_Dataset section_
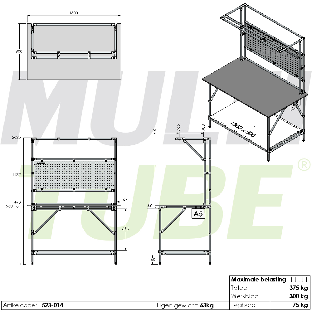 Pod blatem znajduje się solidna półka, a możliwość dodania kolejnych półek umożliwia wygodne przechowywanie części, narzędzi lub materiałów opakowaniowych. Każda półka może utrzymać do 75 kg.
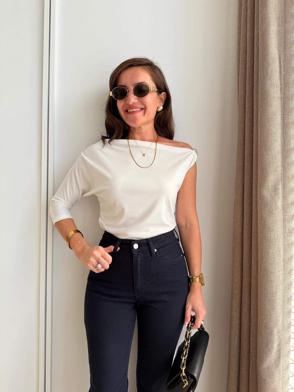 Ekru Tek Kol Omuz Detaylı Bluz 30029
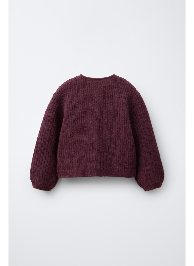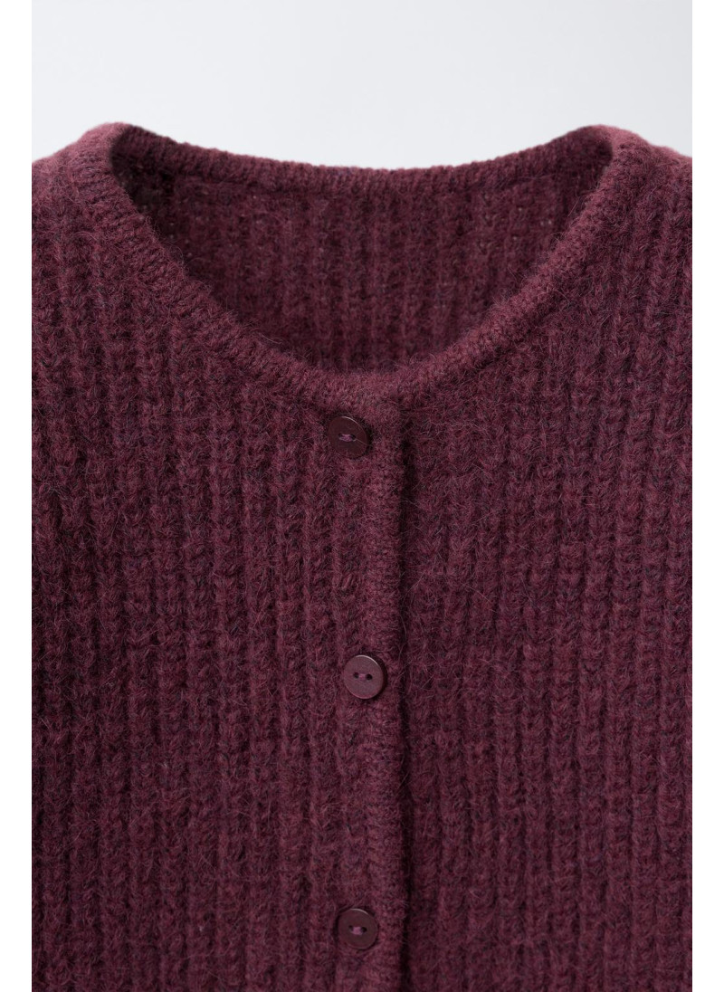 Кардиган с круглым вырезом и длинными рукавами. Застегивается на пуговицы.

_What to work on_
Everything from the opening line of the data through the line with "Ekru Tek Kol Omuz Detaylı Bluz 30029" should be repeated exactly; leave the pictures out.

_Solution_
 Pod blatem znajduje się solidna półka, a możliwość dodania kolejnych półek umożliwia wygodne przechowywanie części, narzędzi lub materiałów opakowaniowych. Każda półka może utrzymać do 75 kg.
 Ekru Tek Kol Omuz Detaylı Bluz 30029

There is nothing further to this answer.